Drawing on the shared experience and examples from the process of collaborative artistic research, Emma Cocker, Nikolaus Gansterer and Mariella Greil engaged in the practice of conversation-as-material to 'flesh out' a language for describing the Figure of Temporary Closing. This involved a process of corroborative dialogue, where conversation was oriented to collectively arriving at a vocabulary for expressing both the what-ness and how-ness of this specific figure, its particular essence and 'mode of being'.

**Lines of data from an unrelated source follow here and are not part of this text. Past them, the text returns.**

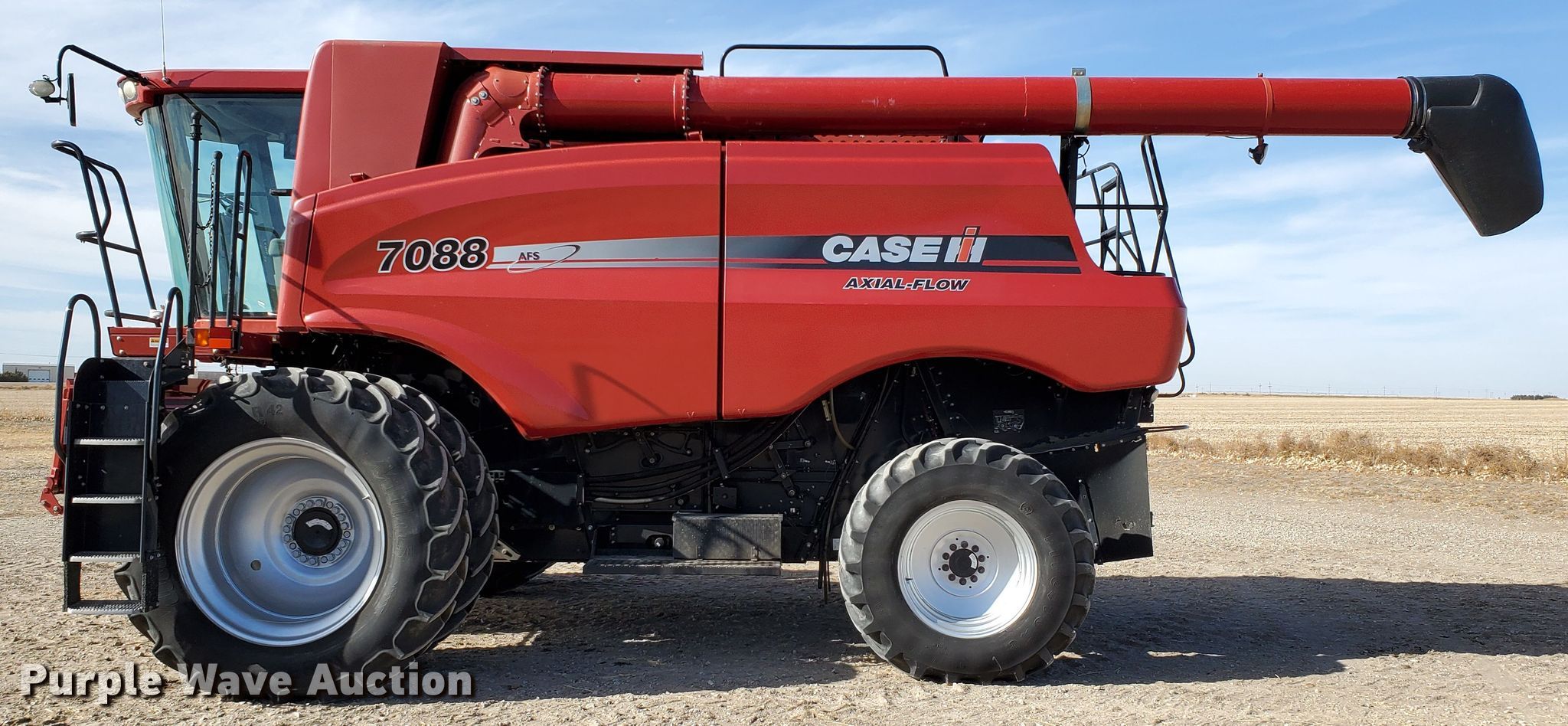 Purple Wave is selling a used Combine in Kansas. This item is a 2009 Case IH 7088 combine with the following: Engine hours: 2,656, Separator hours: 2,001, Serial: Y8G000063, Stock #: 11313
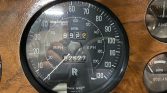 The wood-rimmed steering wheel frames a 130-mph speedometer, a 6k-rpm tachometer, and gauges for amperage, fuel level, coolant temperature, and oil pressure. The five-digit odometer shows under 83k miles, approximately 15k of which were added during current ownership.
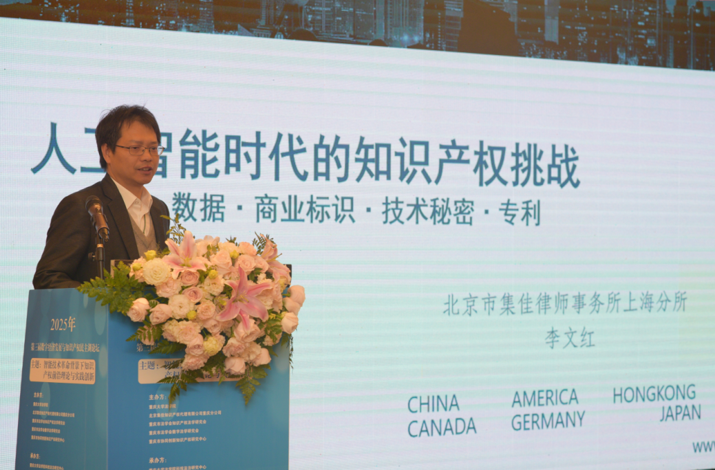 集佳上海分所主任李文紅博士則以“人工智能時代的知識產權挑戰”為題,結合多個典型案例,系統剖析了版權、數據、商業標識、專利四大領域面臨的全新課題。他指出,AI訓練數據的合法使用邊界、生成內容的著作權歸屬、數據權益的司法保護等問題已成為行業焦點,其分享的高德訴萬得不正當競爭案、抖音訴億??颇P蛥登謾喟傅葘崉瞻咐瑸楝F場嘉賓提供了極具價值的實踐參考,引發廣泛共鳴。
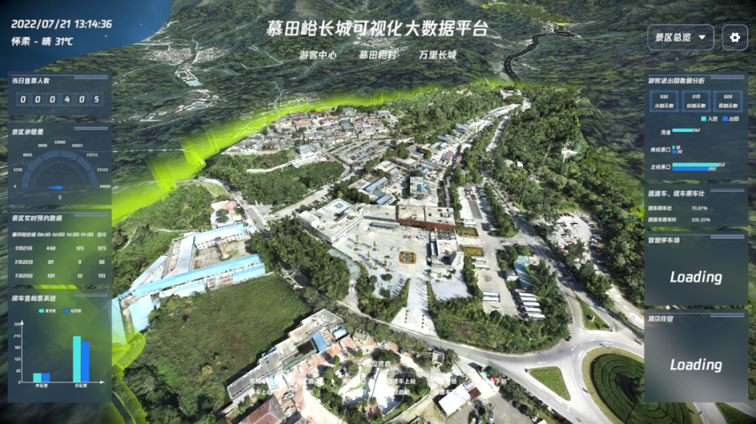 △图为慕田峪长城可视化数据分析平台,将票务、客流量、环境监测、车流状态等数据进行整合及可视化呈现,对慕田峪整体运行状态进行实时监测。
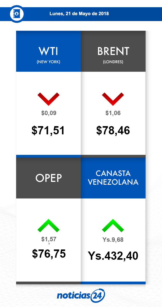 21 mayo 2018 - Los precios de los petróleos marcadores mostraron una tendencia a la baja producto de informes que hablan de volúmenes de crudo que provienen de nuevos oferentes. Adicionalmente se ha conocido de conversaciones entre La India y Arabia Saudita, en aras a un acuerdo de suministro a largo plazo a precios estables, en bandas de precios que serían menores a las actuales.

The recorded conversations were transcribed (See extract from partially edited transcripts below). Selected fragments of the original transcript material (bold in the text below) were then rewritten / reworked into a dense poetic description for the figure (See right). The inclusion of the transcript below attempts to 'show' the relation of the original conversation and the resulting vocative text, alongside indicating something of the 'attitude' practised within the conversational practice itself. As such, the invitation to the reader is to glimpse or scan rather than necessarily read the transcript material in its entirety.
Extracts from transcript (partially edited)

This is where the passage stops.